For the sign of Easter is not the empty tomb, or the folded burial clothes or an empty cross – but a body, Jesus’ body – a seed sown in the earth for three days, now sprouts with new life… Jesus steps forth from the tomb wounded, but undefeated, forever scarred by, but alive!  Jesus lives and so do you. 
            It’s not until Mary runs and falls worshipping those eternal scars on Jesus’ feet that she truly believes.  Fear. Doubt. Sin. Death.  The former things are gone. Leave your sins, your fear, your doubt – leave it all behind with Jesus in His tomb.  Your sins are paid for.  Your pain has been endured.  You fear and death have been swallowed up forever.  So, go quickly with Mary to worship at Jesus’ feet.  What else could you do?
             It’s the beginning of every knee and every tongue confessing, holding on for dear life to Jesus’ feet.  The feet that plunged into Jordan’s Baptismal streams for you; the feet that journeyed the wilderness for you; the feet that walked trembling to Calvary to be pierced for you; the feet that walked out of the grave for you.  How beautiful are the feet that bear Good News, for Mary, for the disciples, for you.  There, at the feet of Jesus, Mary finally understood.
            And this Easter day, we run with Mary and the disciples – not to the empty tomb; He’s not here; He is risen – don’t walk, run to the place where Jesus now stands alive and well for you: to the waters of Baptism, where Satan’s chariots lie in ruins and Jesus splashes His resurrection on your forehead.  To His Word, where His resurrection is  preached, sung, shouted into your ears.  To His Altar, Where the Lamb Slain and Risen comes and spreads His Easter victory feast. 
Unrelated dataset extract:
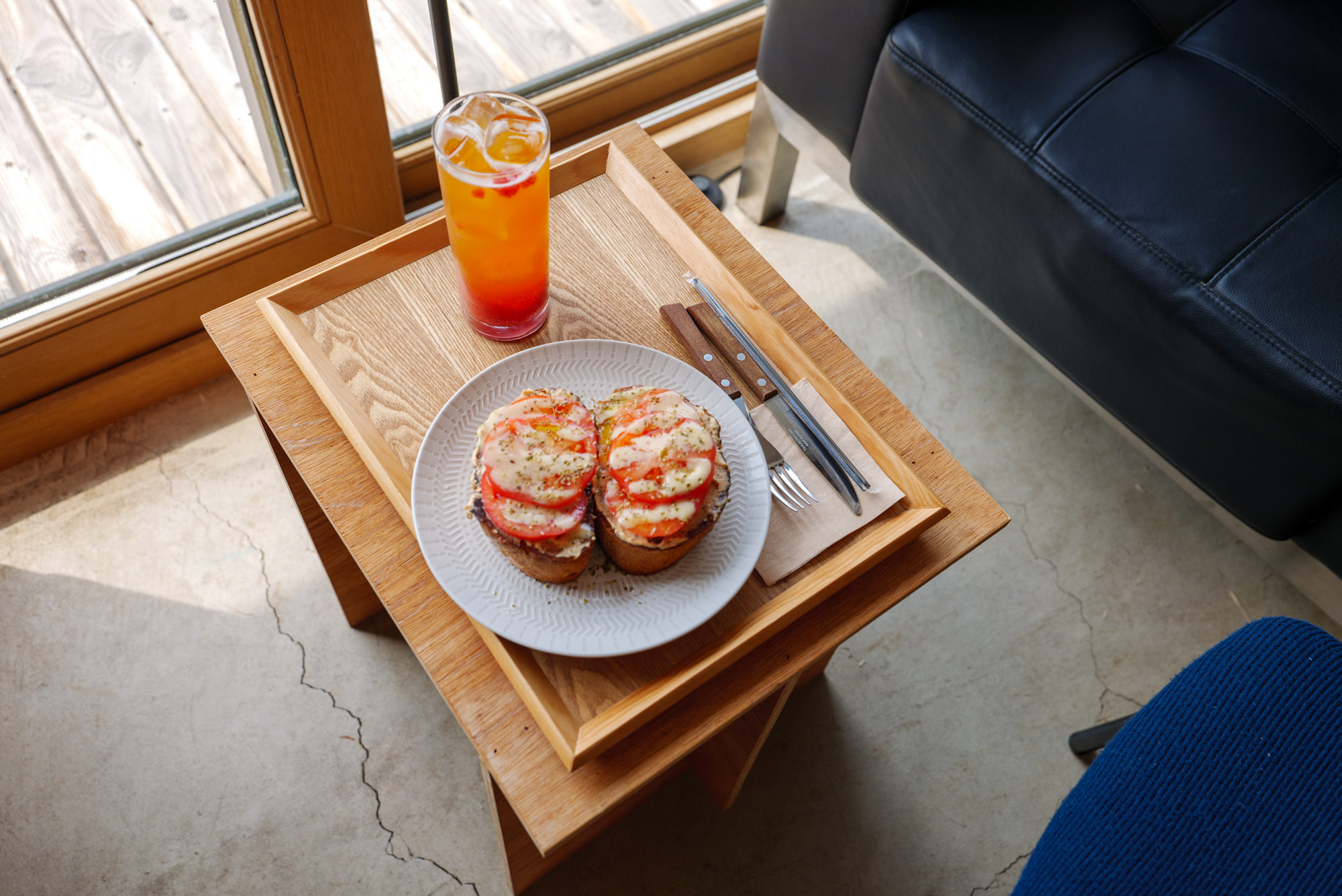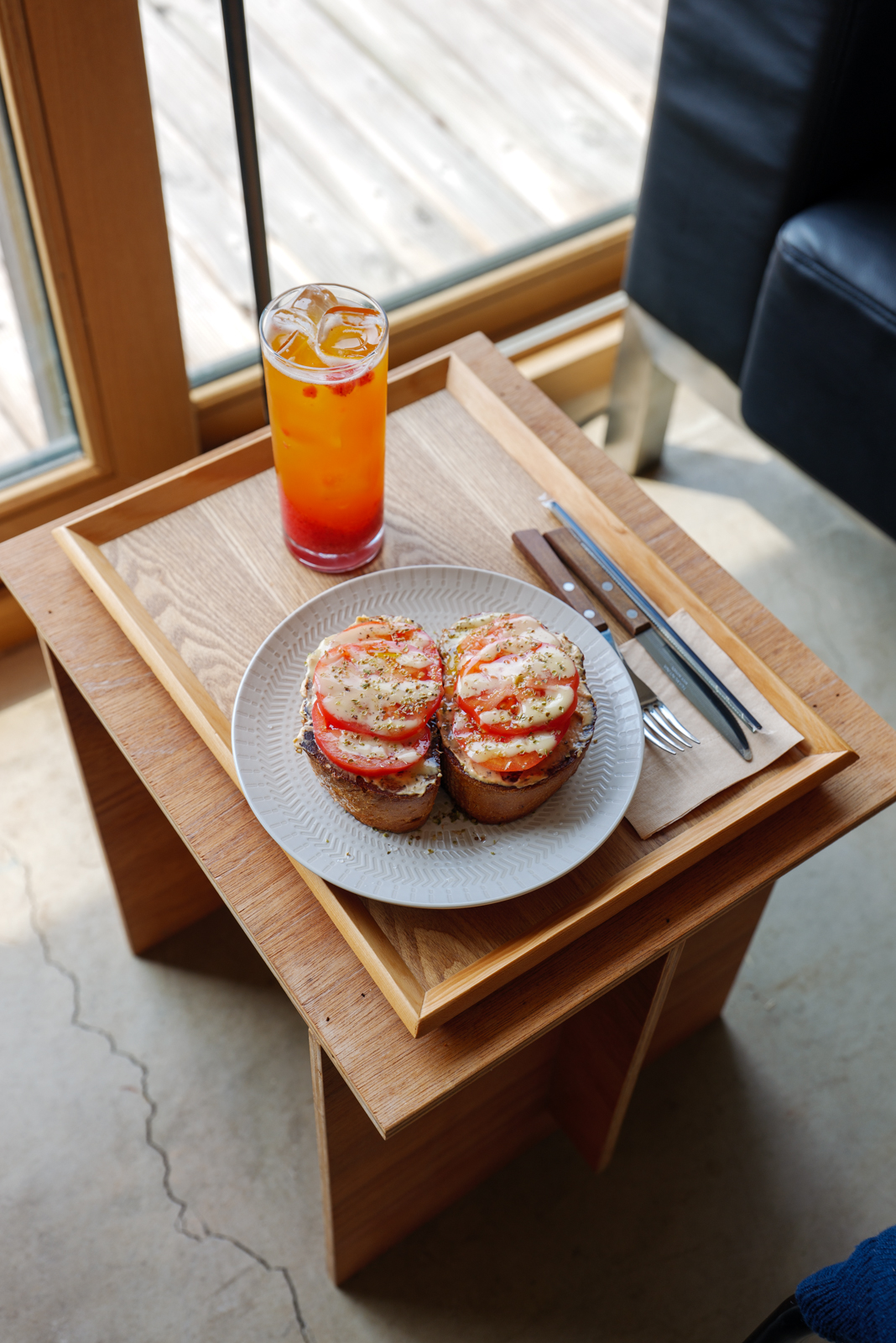 제주 애월 가볼만한곳 그라운드폴 카페에서 시그니처 음료인 폴만다린과 함께 점심식사 대용으로 토마토 바질토스트를 주문해서 먹었다.

            For the night of mourning is muted with shouts of joy.  Our fearful, grieving tears are drown in Alleluias.  A shameful morning walk that once began in the cool of the Garden now ends with the dawn of the first day of the week – the never-ending day.  Mary, who sat doubtful and afraid, now worships Jesus and can’t help but tell the Good News.  Weep not, o sinner – today is no day for sorrowful tears.  For the Marys found no body to anoint with spices, no cold flesh to warm with their tears.  The tomb was swept clean, ready for occupancy, but not for our God.  The grave could not hold Jesus and neither will it hold you.  Come quickly.  Christ is risen, He is here, just as He promised. 
In the Name of the Father and of the T Son and of the Holy Spirit. Amen.